(Records from a dataset)
⟨

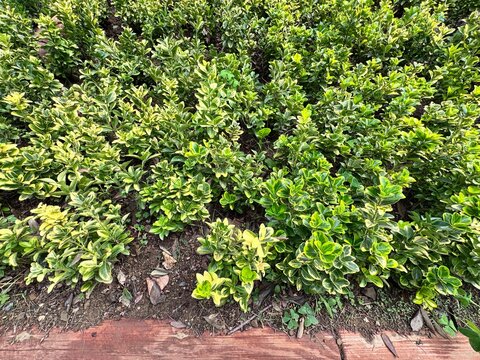 Golden Euonymus (Euonymus japonicus ‘Aureomarginatus’) with bright yellow-edged variegated foliage growing in a garden bed, showcasing its vibrant ornamental color and dense shrub structure.
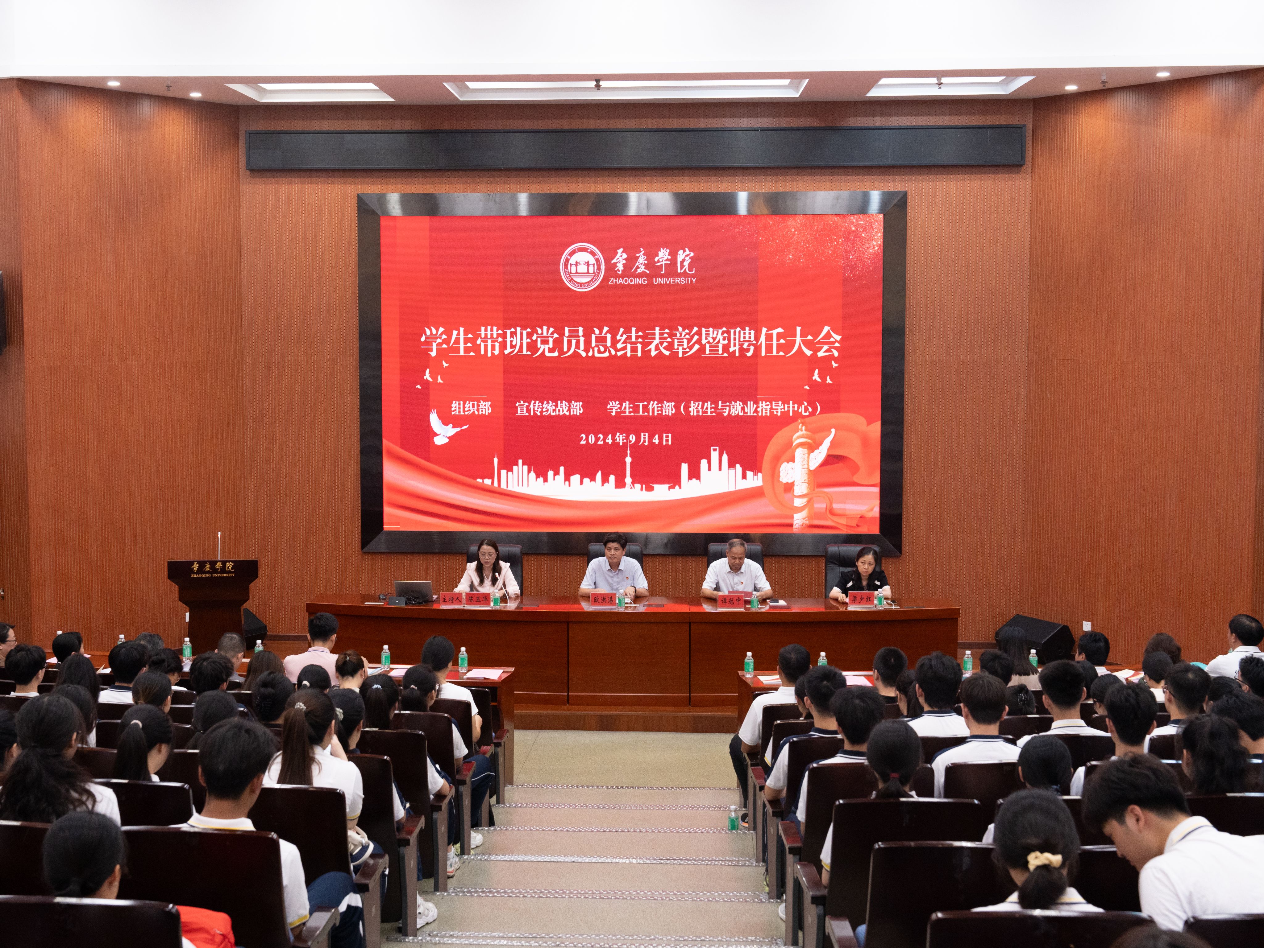 本网讯 9月4日,2024年学生带班党员工作总结与聘任大会在437ccm·必赢国际学术报告厅召开。会议总结过去一年学生带班党员的工作成就,表彰优秀带班案例、优秀学生带班党员和学生带班党员标兵,旨在激励新一批学生带班党员积极工作,发挥先锋模范作用。
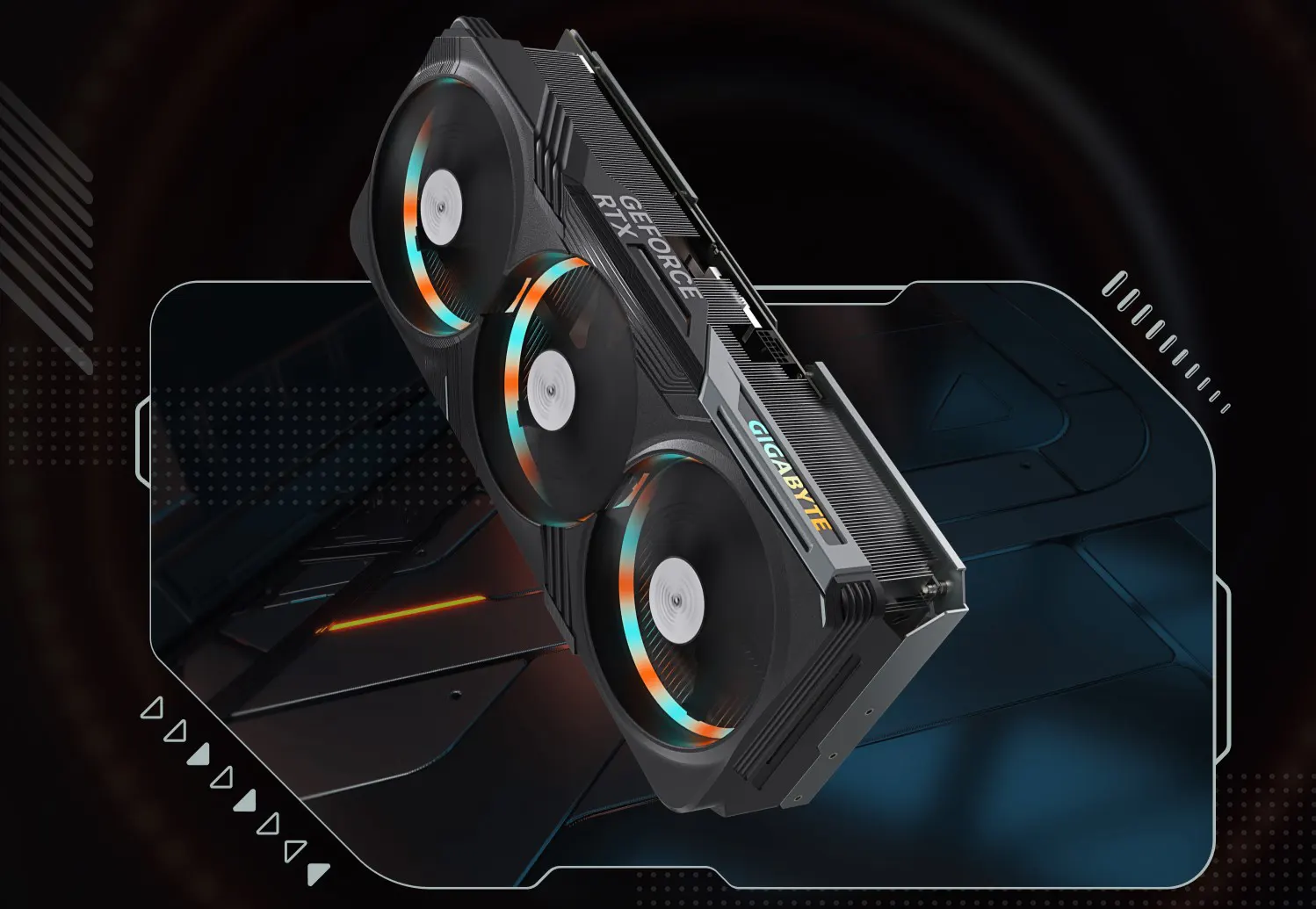 AORUS juga menghadirkan kembali versi upgrade dari lampu RGB triple-ring, RGB Halo. Tampilan LCD di sisi kartu grafis AORUS MASTER memberi pengguna opsi lain untuk mempersonalisasi kartu mereka dengan teks, gambar, atau gif.
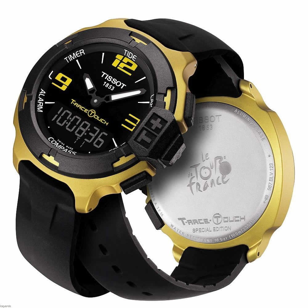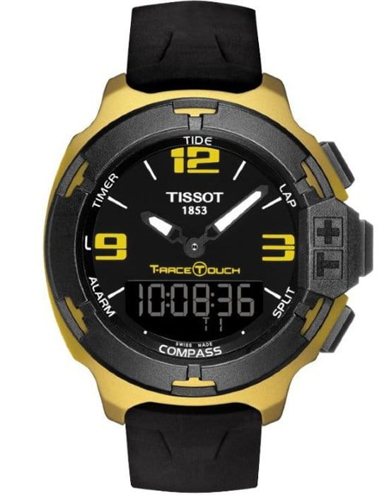 TISSOT T0814209705707 Touch Collection T-Race - мужские кварцевые наручные часы Корпус этих часов среднего размера (4215 мм) и выполнен из алюминия с PVD-покрытием цвета желтого золота Модель TISSOT T0814209705707 Touch Collection T-Race имеет устойчивое к царапинам сапфировое стекло, ремешок из натурального каучука черного цвета, черный циферблат Калибр механизма: ETA E49301 Класс водозащиты: 100 м / 10 АТМ (разрешается плавание и ныряние без акваланга) Дополнительные функции и особенности: отображение числа, полностью автоматический календарь, второе время (GMT), будильник, хронограф (секундомер), таймер (обратный отсчет), отображение данных о приливах и отливах, компас, сенсорный дисплей Полная заводская комплектация TISSOT: оригинальные часы, фирменная коробка, инструкция, сервисная книжка, роман о часовой фабрике, миникаталог, замшевый фирменный чехол черного цвета для хранения и/или переноски часов, кассовый и товарный чеки Международная гарантия 2 года Производство и сборка: Швейцария
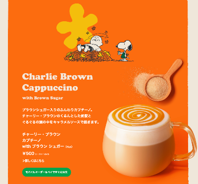 스누피 콜라보인 만큼 이번에 메뉴 소개 디자인이 매우 귀엽다. 직접 마셔본 찰리 브라운 카푸치노 사진을 제외한 모든 이미지의 출처는 일본 스타벅스 스누피 콜라보 페이지다.
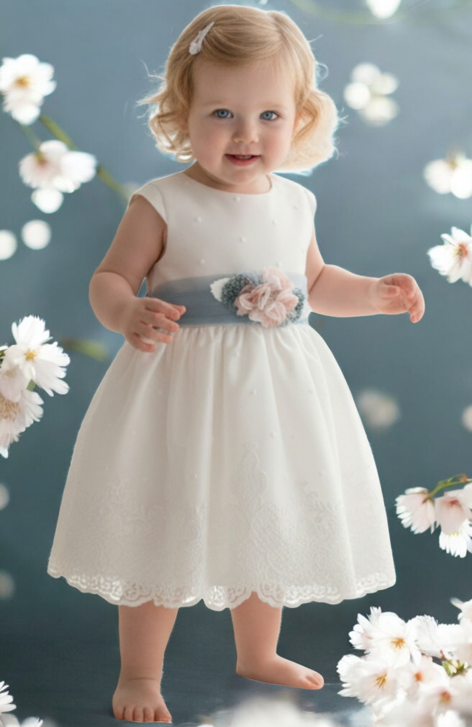 Vestido Bautizo niña bordado fajín azul detalle floral Daniela
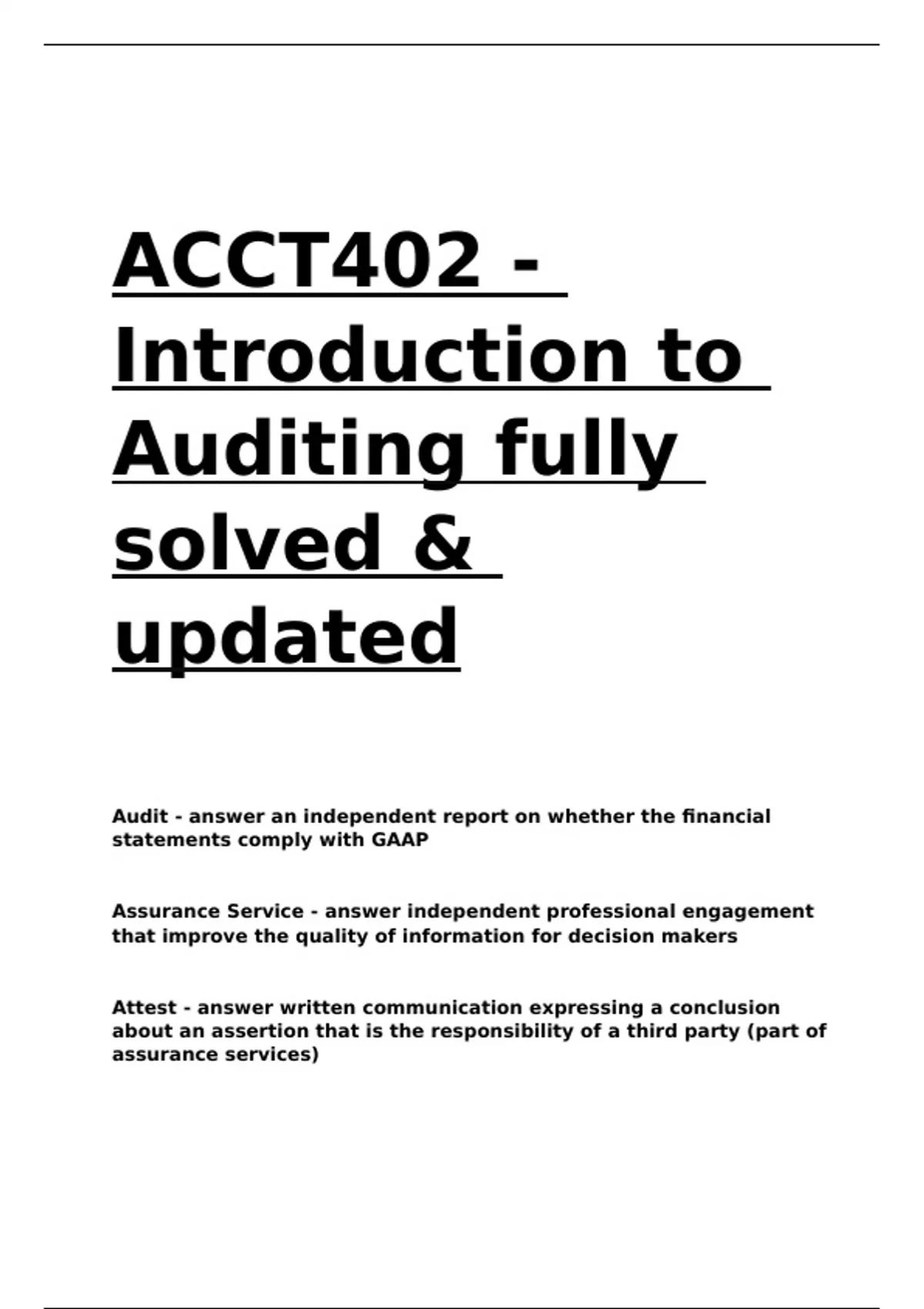 ACCT402 - Introduction to Auditing fully solved & updated.

⟩

> **About this task**: All of the data above should be transcribed verbatim, with pictures omitted.

> **Output for this task**:
 Golden Euonymus (Euonymus japonicus ‘Aureomarginatus’) with bright yellow-edged variegated foliage growing in a garden bed, showcasing its vibrant ornamental color and dense shrub structure.
 本网讯 9月4日,2024年学生带班党员工作总结与聘任大会在437ccm·必赢国际学术报告厅召开。会议总结过去一年学生带班党员的工作成就,表彰优秀带班案例、优秀学生带班党员和学生带班党员标兵,旨在激励新一批学生带班党员积极工作,发挥先锋模范作用。
 AORUS juga menghadirkan kembali versi upgrade dari lampu RGB triple-ring, RGB Halo. Tampilan LCD di sisi kartu grafis AORUS MASTER memberi pengguna opsi lain untuk mempersonalisasi kartu mereka dengan teks, gambar, atau gif.
 TISSOT T0814209705707 Touch Collection T-Race - мужские кварцевые наручные часы Корпус этих часов среднего размера (4215 мм) и выполнен из алюминия с PVD-покрытием цвета желтого золота Модель TISSOT T0814209705707 Touch Collection T-Race имеет устойчивое к царапинам сапфировое стекло, ремешок из натурального каучука черного цвета, черный циферблат Калибр механизма: ETA E49301 Класс водозащиты: 100 м / 10 АТМ (разрешается плавание и ныряние без акваланга) Дополнительные функции и особенности: отображение числа, полностью автоматический календарь, второе время (GMT), будильник, хронограф (секундомер), таймер (обратный отсчет), отображение данных о приливах и отливах, компас, сенсорный дисплей Полная заводская комплектация TISSOT: оригинальные часы, фирменная коробка, инструкция, сервисная книжка, роман о часовой фабрике, миникаталог, замшевый фирменный чехол черного цвета для хранения и/или переноски часов, кассовый и товарный чеки Международная гарантия 2 года Производство и сборка: Швейцария
 스누피 콜라보인 만큼 이번에 메뉴 소개 디자인이 매우 귀엽다. 직접 마셔본 찰리 브라운 카푸치노 사진을 제외한 모든 이미지의 출처는 일본 스타벅스 스누피 콜라보 페이지다.
 Vestido Bautizo niña bordado fajín azul detalle floral Daniela
 ACCT402 - Introduction to Auditing fully solved & updated.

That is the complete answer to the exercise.